# football



## Eman @ (Jun 5, 2021)

Hi all My son diagnosed with type1 diabetes 
i am very in shock and struggles. he loves football a lot , please help me how to manage it and should i gradually take him off from football club. please if any one with my child’s age please contact me and help me . 
is it ok to put my contact number here 
i am really struggling to manage it.
god help us


----------



## MrDaibetes (Jun 5, 2021)

Hey & welcome to the forum. Please don't post your contact details, instead, people can private message you on the forum.

Regarding football club, I would not take him away from what he enjoys. Monitoring his glucose levels during and after exercise will help and you can make adjustments from spotting trends.

If you are worried your diabetes team can help and there is wonderful information for diabetes and exercise online also you can get in contact with the diabetes football community, they are on social media platforms and have their own website.


----------



## helli (Jun 5, 2021)

There is absolutely no reason to stop any sport or exercise due to diabetes.
if Henry Slade can play rugby for England, why would you stop a boy playing football?
In fact diabetes is no reason to stop doing anything. Este Haim plays in a band and tours the world, Henry Slade plays rugby, there is a professional cycling team of riders all with Type 1, we have a speaker of the House of Commons with Type 1 and did have a prime minister with it.
Most of us on this forum with diabetes live a full and long life. The days of diabetes holding you back, shortening your life and stopping you doing what you want are in the past.
Please spend some time educating yourself about Type 1. You will realise, whilst it is something to respect, it is not something to be petrified of.
Perhaps ask your diabetes team if you can talk to other families with children around your son’s age.

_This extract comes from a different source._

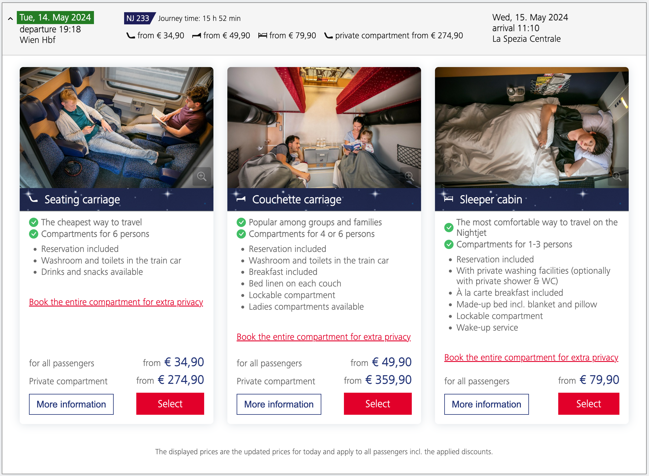 Tak jako u ostatních nočních vlaků, které provozuje Rakouské ÖBB máte k dispozici komfortní lůžkové a lehátkové vozy a také vozy k sezení. Spoje jsou provozovány denně.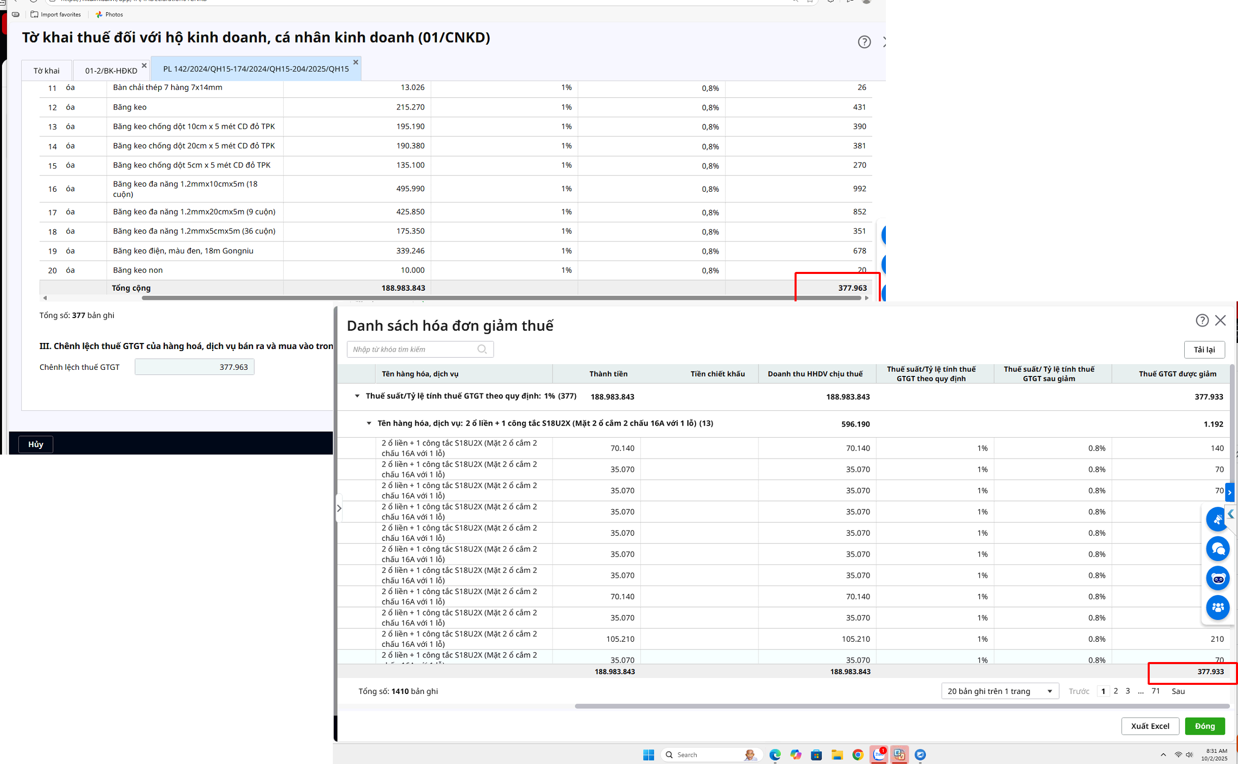 Ví dụ: Thuế GTGT được giảm (cột 6) trên phụ lục PL142/2024/QH15 là 377.963 không khớp với cột Thuế GTGT được giảm trên danh sách hóa đơn giảm thuế là 377.933.

You may also find this thread useful where some of the members have described how they “can do anything” and have : https://forum.diabetes.org.uk/board...e-i-can-do-anything-even-with-diabetes.93431/


----------



## pm133 (Jun 5, 2021)

Scott Allan is a professional footballer for Hibs and has had type 1 diabetes for many years so this needn't be a barrier.

He's found a way around it by working with his consultant.

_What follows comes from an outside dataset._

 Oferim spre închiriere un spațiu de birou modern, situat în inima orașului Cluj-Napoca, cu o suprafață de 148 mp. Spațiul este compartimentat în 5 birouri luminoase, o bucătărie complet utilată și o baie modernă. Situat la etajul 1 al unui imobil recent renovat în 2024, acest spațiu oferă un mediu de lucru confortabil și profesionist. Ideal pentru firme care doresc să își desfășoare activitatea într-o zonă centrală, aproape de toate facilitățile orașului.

I'm also pretty sure that Olympic multi-gold medallist rower Steve Redgrave is Type 1.
There's also at least one example in professional tennis but I can't remember the boy's name.


----------



## helli (Jun 5, 2021)

I forgot the footballer, Nacho (José Ignacio Fernández Iglesias) who plays for Real Madrid and Spain and has Type 1 diabetes.

Should I stop?


----------



## Ditto (Jun 5, 2021)

Hello and welcome to the forum.


----------



## trophywench (Jun 5, 2021)

Steve Redgrave is actually Type 2 - but certainly when diagnosed and competing used an insulin pump and quite probably a CGM.

But, anyway - your son's medical team will work with yourselves, his school, and anyone else who acts in loco parentis when you aren't physically there - to try and ensure problems are avoided rather than having to dial 999 when something goes awry - prevention is always better than cure however old we are and whatever we happen to decide to get up to!


----------



## pm133 (Jun 6, 2021)

helli said:


> I forgot the footballer, Nacho (José Ignacio Fernández Iglesias) who plays for Real Madrid and Spain and has Type 1 diabetes.

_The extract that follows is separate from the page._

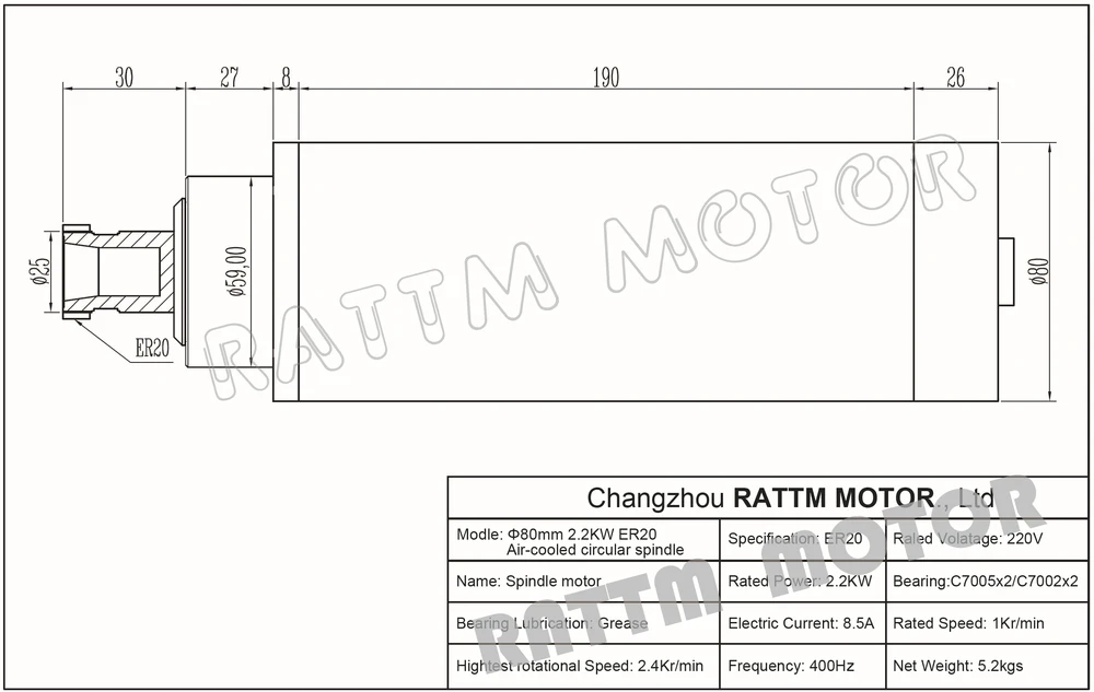 1x2,2 кВт шпиндель с воздушным охлаждениемER20
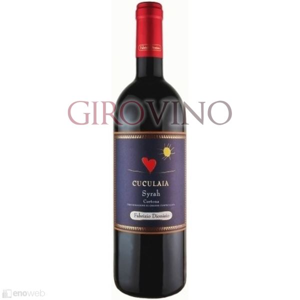 Syrah Cortona Cuculaia 2019 di Fabrizio Dionisio: vino rosso toscano di carattere, coltivato tradizionalmente e affinato in legno, con note fruttate e speziate.

Imagine being Type 1 and being named after a food you can't eat without pre-bolussing for. That is hilarious.


----------



## JassiB (Jun 15, 2021)

MrDaibetes said:


> Hey & welcome to the forum. Please don't post your contact details, instead, people can private message you on the forum.
> 
> Regarding football club, I would not take him away from what he enjoys. Monitoring his glucose levels during and after exercise will help and you can make adjusts from spotting trends.
> 
> If you are worried your diabetes team can help and there is wonderful information for diabetes and exercise online also you can get in contact with the diabetes football community, they are on social media platforms and have their own website.


Absolutely right sir. Eman, please donot stop him from playing, with god's grace he will be fine.


----------



## BlueArmy (Jun 16, 2021)

trophywench said:


> Steve Redgrave is actually Type 2 - but certainly when diagnosed and competing used an insulin pump and quite probably a CGM.
> 
> But, anyway - your son's medical team will work with yourselves, his school, and anyone else who acts in loco parentis when you aren't physically there - to try and ensure problems are avoided rather than having to dial 999 when something goes awry - prevention is always better than cure however old we are and whatever we happen to decide to get up to!


That's a good snippet of info to throw back in the face of all the people who find it funny to mock the overweight and still label type 2 as a illness of the fat.


----------



## BlueArmy (Jun 16, 2021)

Eman @ said:


> Hi all My son diagnosed with type1 diabetes
> i am very in shock and struggles. he loves football a lot , please help me how to manage it and should i gradually take him off from football club. please if any one with my child’s age please contact me and help me .
> is it ok to put my contact number here
> i am really struggling to manage it.
> god help us


Eman, as a parent of young children as well, I feel your pain. Even when my kids get a cold it freaks me out. However, diabetes is not the life limiting illness you probably fear it is, but it does require some education and tricks and tools to manage it and unfortunatly you, and he are in it for the long haul.  I personally refuse to comment on Type 1 as I am type 2 and I think it's disrespectful to those that are as in my opinion its a different ball game, excuse the pun. However, there are lots of folks on here to help and support you and plently of stories of people how have lived fuller lives that people without the condition.  The key is don't panic - this can be managed and he doesn't need to stop doing the things he loves with some extra planning and attention to manage his condition. Hang in there buddy.


----------



## everydayupsanddowns (Jun 17, 2021)

Eman @ said:


> Hi all My son diagnosed with type1 diabetes
> i am very in shock and struggles. he loves football a lot , please help me how to manage it and should i gradually take him off from football club. please if any one with my child’s age please contact me and help me .
> is it ok to put my contact number here
> i am really struggling to manage it.
> god help us



Sorry to hear about your son’s diagnosis @Eman @ 

There’s no reason why your lad can’t continue to play football. Gary Mabbutt (ex England and Spurs midfielder) was playing professional football alongside T1 diabetes way back in the 1980s!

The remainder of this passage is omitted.